Credit report lock or credit lock: This results in a similar outcome as a credit freeze. Credit report locks are mobile app-enabled and allow you to lock and unlock your credit reports using identity verification techniques such as usernames, passwords and touch or face ID technology. You must lock your credit reports separately at each nationwide credit bureau.

A credit report lock generally prevents access to your credit reports to open new credit accounts. If you want to apply for credit, you must unlock your credit report to allow a credit check.

Fraud alert: This is a notice that is placed on your credit reports that alerts credit card companies and others who may extend you credit that you may have been a victim of fraud, including identity theft. Think of it as a “red flag” that makes companies take steps to verify your identity before extending credit in your name.

Though each agency is responsible to contact the other two with a fraud alert, manage your own credit information by contacting each to be sure. You may contact any of the three nationwide credit bureaus to request a fraud alert.

Credit monitoring: Paying for credit monitoring — which notifies you if there has been a request for credit in your name — helps prevent fraud. However, you pay for this convenience. The $20 a month can add up to over $240 a year for something you can do yourself.

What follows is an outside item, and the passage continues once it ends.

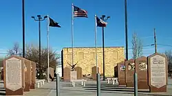 The Andrews County Veteran Memorial is a memorial in Andrews, Texas which was created in 2006 as a tribute to those Andrews County residents who have served in the United States' armed forces.[1] On entering the Andrews County Veterans Memorial, one can see fifteen engraved granite tablets. Each tablet is three feet wide and six feet tall, and weighs 2000 pounds. The tablets were built and installed by Sadler & Son Monument Works of Hobbs, New Mexico. The names of 2600 veterans from Andrews County are engraved on the tablets. The memorial incorporates works of art by Ray Simon of Youngstown, Ohio, and was completed at a cost of $150,000 which was raised via donation.[2]

With credit locks, fraud alerts and freezes, there are exceptions on who can still access your credit information, such as government agencies and companies you currently have a relationship with.


No one over age 18 is too young or too old to take these steps.

Your credit report is different from your credit score.

You need to keep vigilant to illicit phone calls, emails and mailings.

Call or go on-line now. Your information is too valuable to wait.

CD Moriarty is a certified financial planner, a columnist for MarketWatch and a personal-finance speaker. She blogs at MoneyPeace.